:: Task brief ::
Retype the data exactly, from its first line to the line containing "1. Динамика вращательного", including both, and skip any picture.

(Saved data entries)
##############################
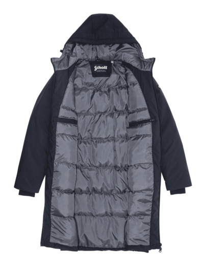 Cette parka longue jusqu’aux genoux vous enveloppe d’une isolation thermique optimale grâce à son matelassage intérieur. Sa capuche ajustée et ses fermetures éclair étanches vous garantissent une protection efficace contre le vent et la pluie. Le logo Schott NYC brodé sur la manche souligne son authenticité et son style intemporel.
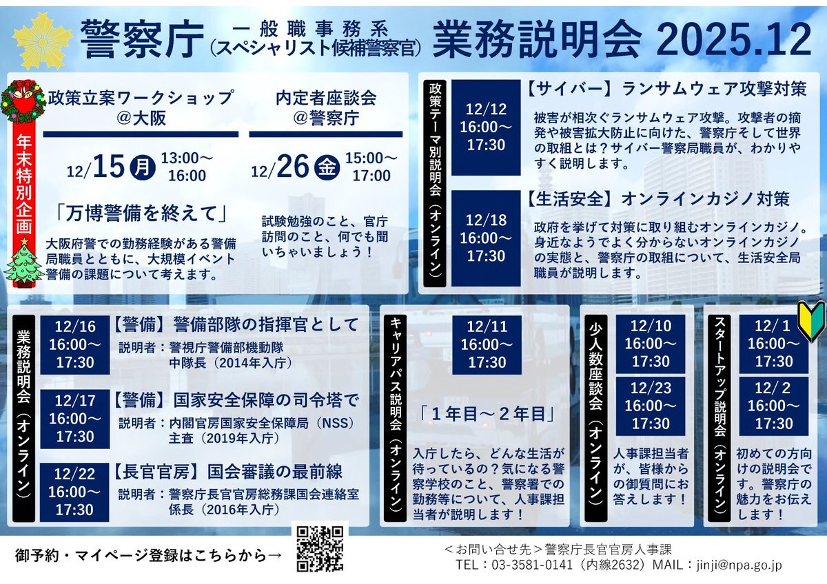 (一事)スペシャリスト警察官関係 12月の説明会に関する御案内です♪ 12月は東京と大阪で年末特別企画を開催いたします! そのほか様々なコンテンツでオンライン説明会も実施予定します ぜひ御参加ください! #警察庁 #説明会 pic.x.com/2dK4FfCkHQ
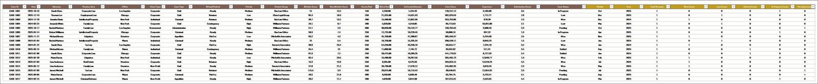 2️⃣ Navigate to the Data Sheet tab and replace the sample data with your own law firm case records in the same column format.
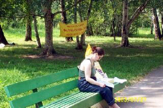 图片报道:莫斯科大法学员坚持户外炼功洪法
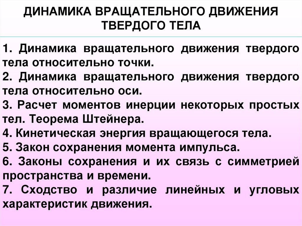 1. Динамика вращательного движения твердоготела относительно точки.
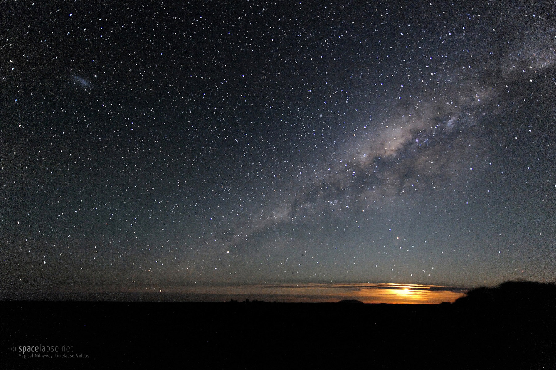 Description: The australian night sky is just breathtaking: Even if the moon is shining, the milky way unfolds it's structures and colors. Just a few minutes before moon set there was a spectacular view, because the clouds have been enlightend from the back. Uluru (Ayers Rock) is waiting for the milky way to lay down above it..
##############################
:: Answer space ::
 Cette parka longue jusqu’aux genoux vous enveloppe d’une isolation thermique optimale grâce à son matelassage intérieur. Sa capuche ajustée et ses fermetures éclair étanches vous garantissent une protection efficace contre le vent et la pluie. Le logo Schott NYC brodé sur la manche souligne son authenticité et son style intemporel.
 (一事)スペシャリスト警察官関係 12月の説明会に関する御案内です♪ 12月は東京と大阪で年末特別企画を開催いたします! そのほか様々なコンテンツでオンライン説明会も実施予定します ぜひ御参加ください! #警察庁 #説明会 pic.x.com/2dK4FfCkHQ
 2️⃣ Navigate to the Data Sheet tab and replace the sample data with your own law firm case records in the same column format.
 图片报道:莫斯科大法学员坚持户外炼功洪法
 1. Динамика вращательного движения твердоготела относительно точки.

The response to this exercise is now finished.